Microscopy technique could detect malaria in a half-hour's time

Researchers at the Materials Technology Institute of the National Research Council have developed a microscopy system that could diagnose malaria much faster and with greater accuracy.

The difference between an infected red blood cell (top) and a healthy cell (bottom) is revealed by secondary speckle sensing microscopy (S3M)
The difference between an infected red blood cell (top) and a healthy cell (bottom) is revealed by secondary speckle sensing microscopy (S3M)

Rapid detection of malaria—especially in remote areas of the world—is not always possible because current methods are slow and require precise instrumentation and highly skilled microscopic analysis. So, researchers at the Materials Technology Institute of the National Research Council (Trieste, Italy), led by Dan Cojoc, Ph.D., have developed a microscopy system that could diagnose malaria much faster and with greater accuracy.

The microscopy system uses "speckle imaging," an optical sensing technique that measures the differences in how laser light bounces off the membranes of healthy and infected red blood cells. By comparing the apparently random scattering (speckling) of light as it builds up from multiple images, a clear statistical pattern emerges that identifies cells that harbor the parasite responsible for malaria.

The microscopy technique the researchers used is called secondary speckle sensing microscopy (S3M). By applying it to an automated high-throughput system, the researchers were able to deliver results in as little as 30 minutes, with a high rate of accuracy, and without the need for highly trained technicians and a well-equipped hospital laboratory. The current time to diagnosis in most African medical centers is typically between 8–10 hours.

The difference between an infected red blood cell (top) and a healthy cell (bottom) is revealed by secondary speckle sensing microscopy (S3M)The difference between an infected red blood cell (top) and a healthy cell (bottom) is revealed by secondary speckle sensing microscopy (S3M)
The difference between an infected red blood cell (top) and a healthy cell (bottom) is revealed by secondary speckle sensing microscopy (S3M), in part, by considering the dynamics of the correlation value (CV). CV indicates the similarity between two patterns. One-thousand CVs are calculated from pairs of consecutive speckles acquired in 1 s. As shown in the chart at right, the CV oscillation range for the infected cell (top, 0.36) is almost three times larger than that of the healthy red blood cell (bottom, 0.13). In the top left image of the infected cell, a parasitic life-cycle stage of malaria, called "trophozoite," can be seen (arrow). (Image courtesy of Dan Cojoc, Materials Technology Institute, National Research Council)

Secondary speckle sensing microscopy begins with illuminating red blood cells with a tilted laser beam. This produces a time-varied speckle pattern field based on the cells' thermal vibration and the movement of their membranes—traits that differ in healthy and diseased states. The speckle patterns are inspected under the microscope and recorded on a camera at a high frame rate. Using two automated analytical methods—"fuzzy logic" and "principal component analysis"—scientists scour a set of speckle parameters to extract statistical information about changes in red blood cells' membranes and their flickering movements. Scientists then make a diagnosis based on statistical correlations in speckle patterns between healthy and diseased cells.

According to the researchers, timely diagnosis maximizes the likelihood of successful, life-saving treatment. It also minimizes the chances that inappropriate therapy will be given, which would help combat the growing problem of drug-resistant malaria.
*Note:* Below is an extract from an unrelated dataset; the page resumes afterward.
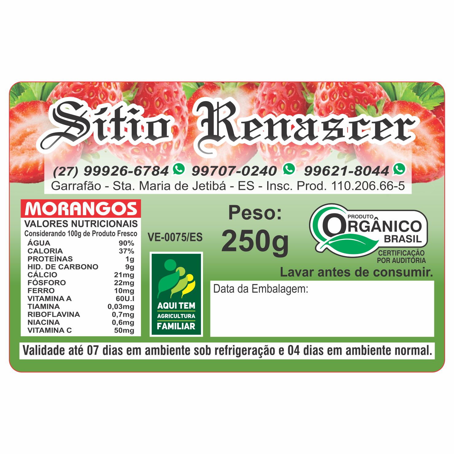 ETIQUETA 40X60/2 COUCHE ADESIVA SITIO RENASCER MORANGOS 250G 78,75MT Ref: 16580
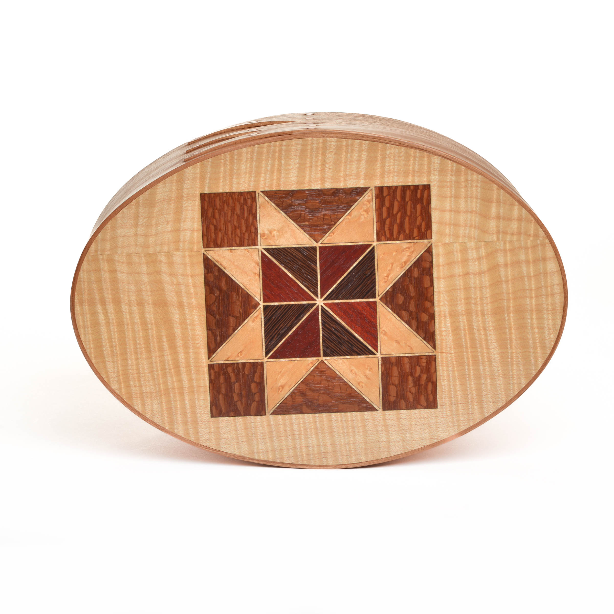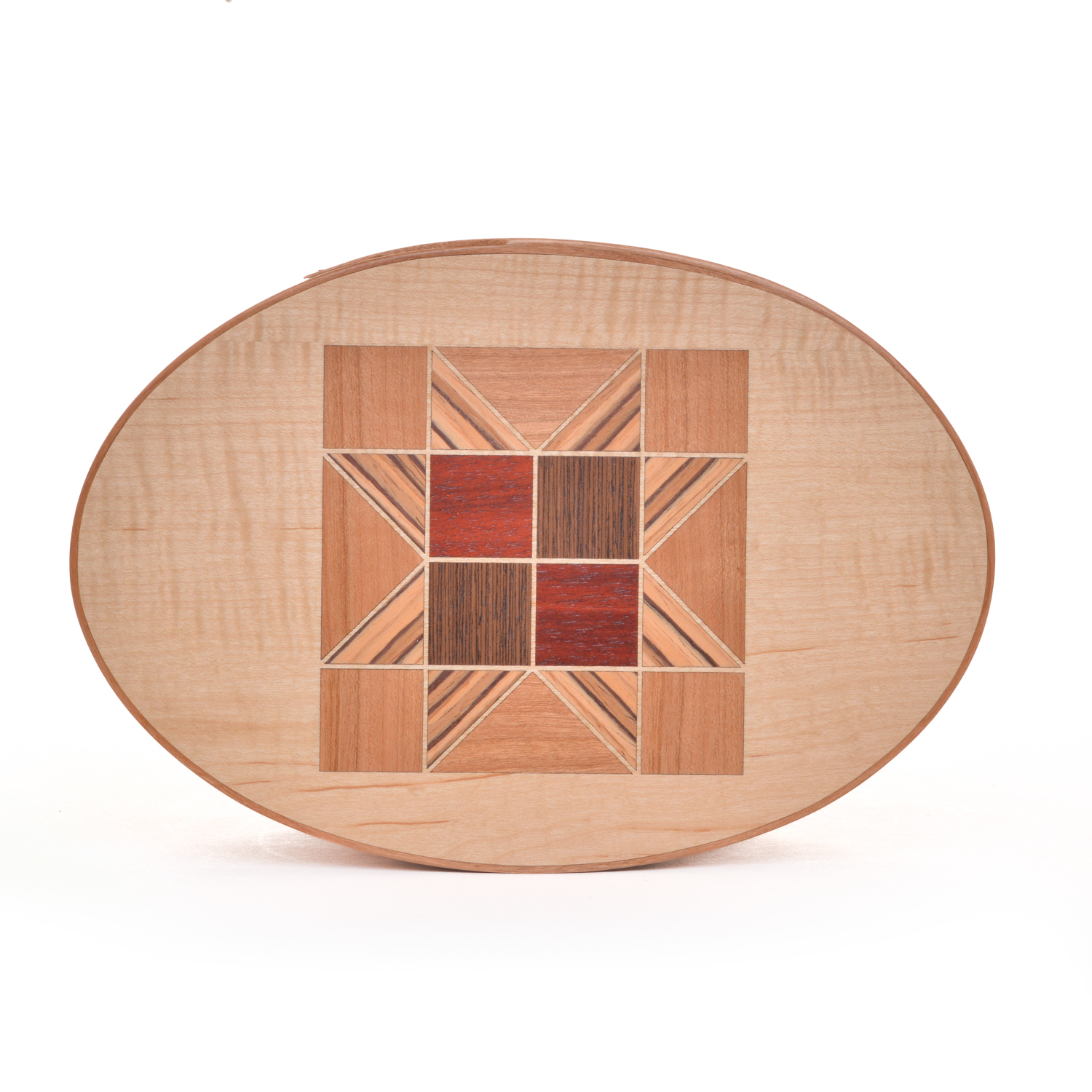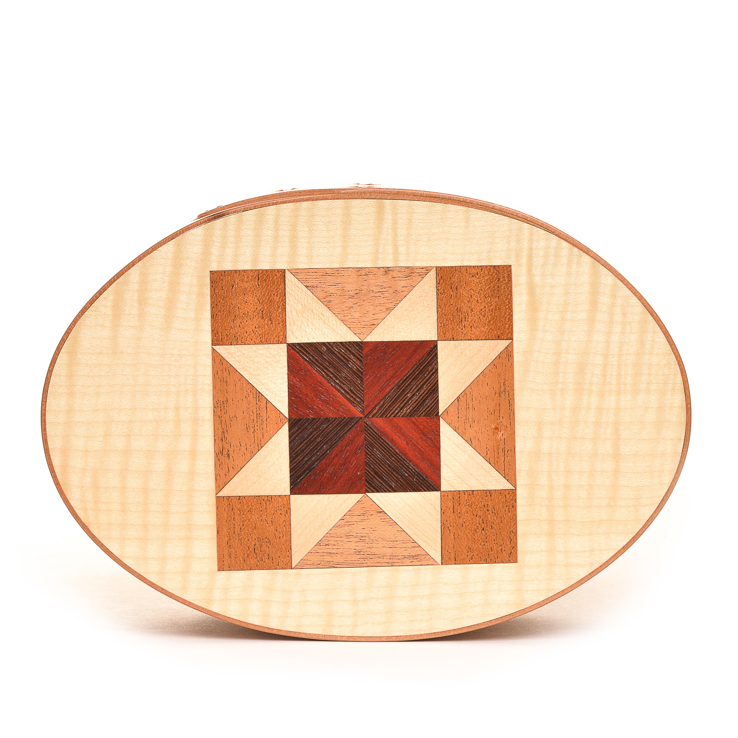 These quilt top boxes marry two traditional American crafts. Inspired by Jeff’s wife, who is a quilter, he began crafting traditional quilt blocks on the tops of many of his shaker boxes using various wood veneers.

And while the preliminary results of their study are encouraging, further study is needed to validate the results and further refine S3M, they say. If the positive outcomes hold up, field studies or clinical trials of S3M might be deployed as early as 2013.

The work has been published in Biomedical Optics Express; for more information, please visit http://www.opticsinfobase.org/boe/abstract.cfm?uri=boe-3-5-991.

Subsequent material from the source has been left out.